■ **THE DATA**
□ □ □

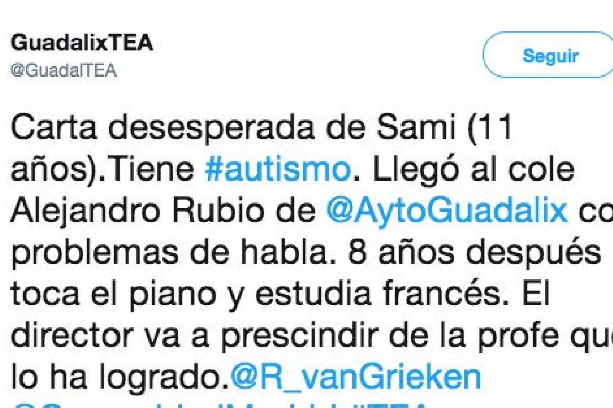 Como ha informado en el propio tuit la cuenta de las familias de alumnos con Trastorno Generalizado del Desarrollo (TGD), Sami “llegó al cole Alejandro Rubio de Guadalix de la Sierra -Madrid- con problemas de habla. 8 años después toca el piano y estudia francés”.
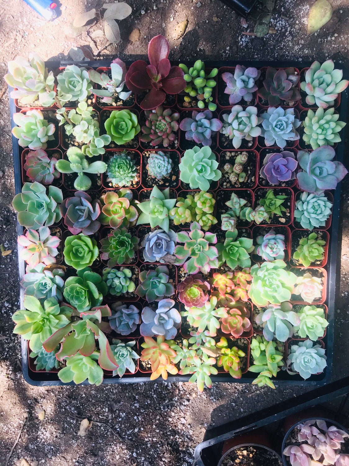 8 pack of mixed succulents (rooted) no editing to enhance what you see on my page is real product in real time . This succulent mix are grown out of there 2 inch pots . The color ones of this set are pink, blue green and brown . All get even more enhanced color as they are slowly introduced into sunlight .or water stressed. No two plants the same in this 8 pack . Unless requested . Shipped bare root for safety. If soil is needed please let me know and I will send along with the containers
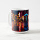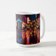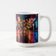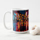 White ceramic mug with blazing neon orange and cool blue city bokeh, rain-slick reflections, full-wrap glossy urban night artwork.

□ □ □

■ **BRIEF**
Ignoring the pictures, write out word for word the lines from the line containing "8 pack of mixed" through the end of the material above.

■ **WRITTEN ANSWER**
 8 pack of mixed succulents (rooted) no editing to enhance what you see on my page is real product in real time . This succulent mix are grown out of there 2 inch pots . The color ones of this set are pink, blue green and brown . All get even more enhanced color as they are slowly introduced into sunlight .or water stressed. No two plants the same in this 8 pack . Unless requested . Shipped bare root for safety. If soil is needed please let me know and I will send along with the containers
 White ceramic mug with blazing neon orange and cool blue city bokeh, rain-slick reflections, full-wrap glossy urban night artwork.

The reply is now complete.